Journal of Virology ◽

10.1128/jvi.74.19.9099-9105.2000 ◽

2000 ◽

Vol 74 (19) ◽

pp. 9099-9105 ◽

Cited By ~ 46

Author(s):

Sophie Le Pogam ◽

Thomas Ta-Tung Yuan ◽

Gautam Kumar Sahu ◽

Soma Chatterjee ◽

Chiaho Shih

Keyword(s):

Amino Acid ◽

Hepatitis B Virus ◽

Hepatitis B ◽

Capsid Protein ◽

Core Protein ◽

Wild Type Virus ◽

Viral Dna ◽

Naturally Occurring ◽

Human Hepatitis ◽

B Virus

ABSTRACT The functional significance of naturally occurring variants of human hepatitis B virus (HBV) remains largely unknown. Previously, we reported an immature secretion phenotype caused by a highly frequent mutation at amino acid 97 of the HBV core (capsid) protein (HBcAg). This phenotype is characterized by a nonselective and excessive secretion of virions containing an immature genome of single-stranded viral DNA. To extend our study of virion secretion to other naturally occurring variants, we have characterized mutations at HBcAg codons 5, 38, and 60 via site-directed mutagenesis. Although the phenotype of the mutation at codon 38 is nearly identical to that for the wild-type virus, our study reveals that a single mutation at codon 5 or 60 exhibits a new extracellular phenotype with significantly reduced virion secretion yet maintains normal intracellular viral DNA replication.
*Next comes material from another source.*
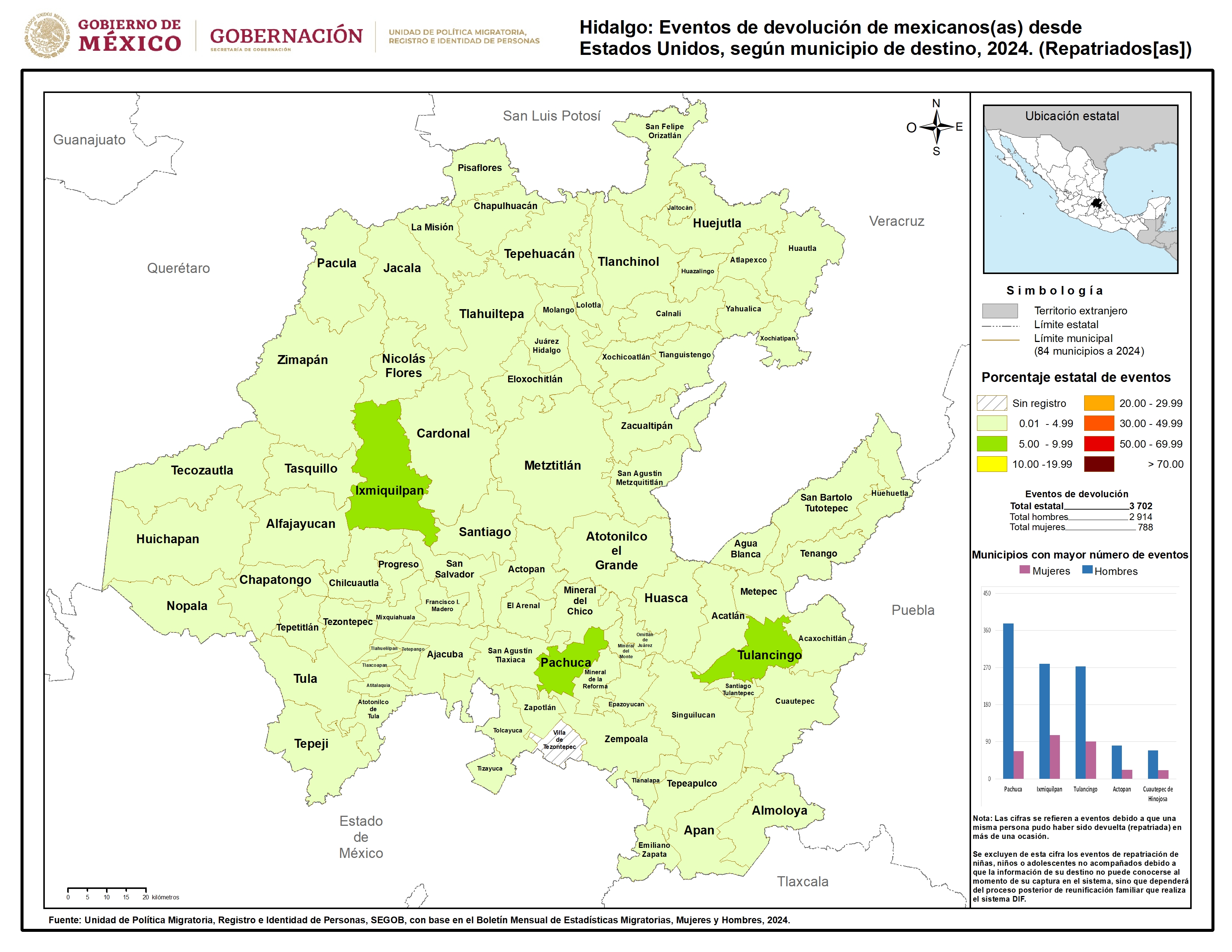 - Hidalgo: Eventos de devolución de mexicanos(as) desde Estados Unidos, según municipio de destino, 2024. (Repatriados[as])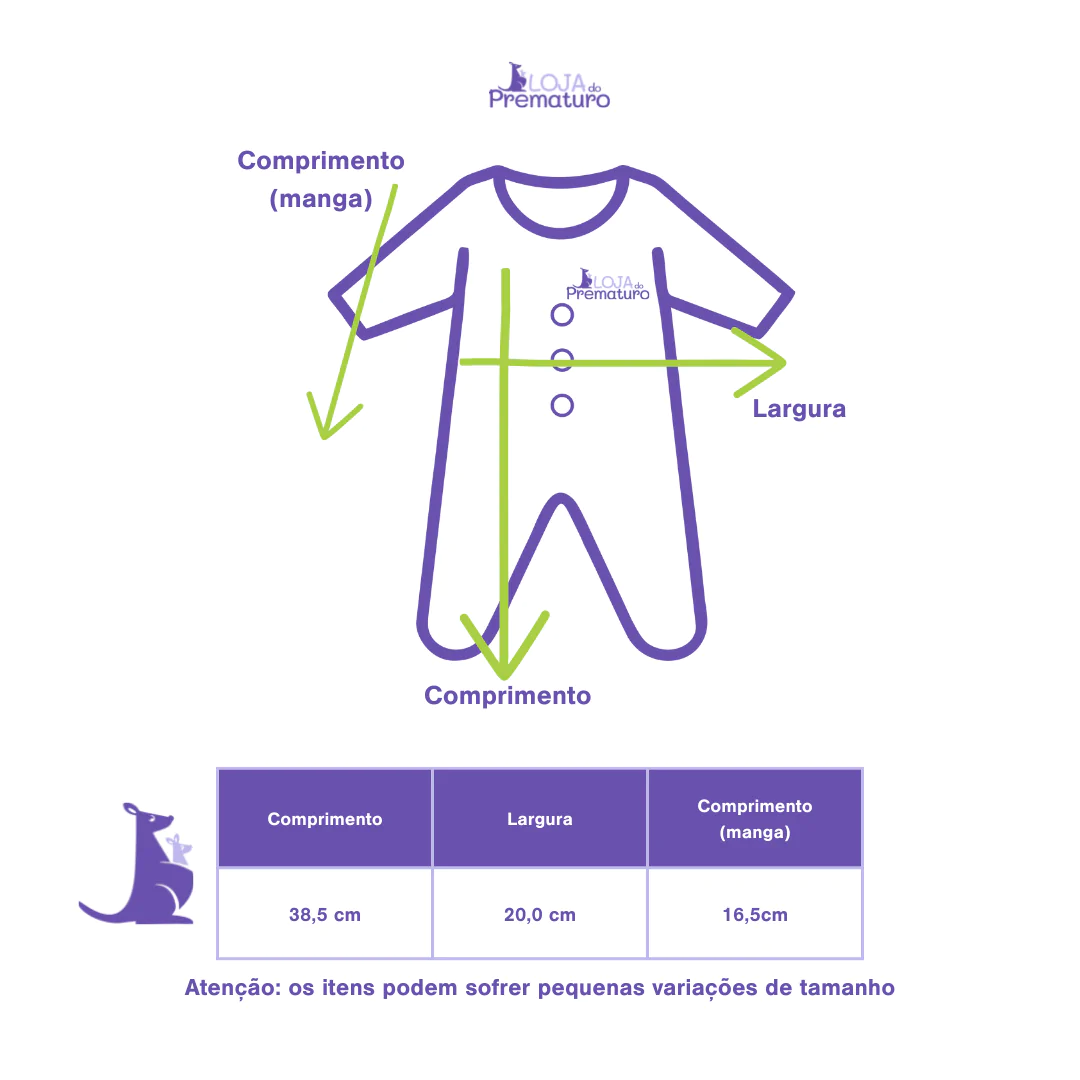 - Tamanho: prematuro – Ideal para bebês até 2,5 kg

A complementation study indicates that the mutant core protein alone is sufficient for the “low-secretion” phenotype. Furthermore, the low-secretion phenotype of the codon 5 mutant appears to be induced by the loss of a parental proline residue, rather than by the gain of a new amino acid. Our study underscores the core protein as another crucial determinant in virion secretion, in addition to the known envelope proteins. Our present results suggest that a very precise structure of both α-helical and nonhelical loop regions of the entire HBcAg molecule is important for virion secretion. The low-secretion variants may contribute to the phenomenon of gradually decreasing viremia in chronic carriers during the late phase of persistent infection.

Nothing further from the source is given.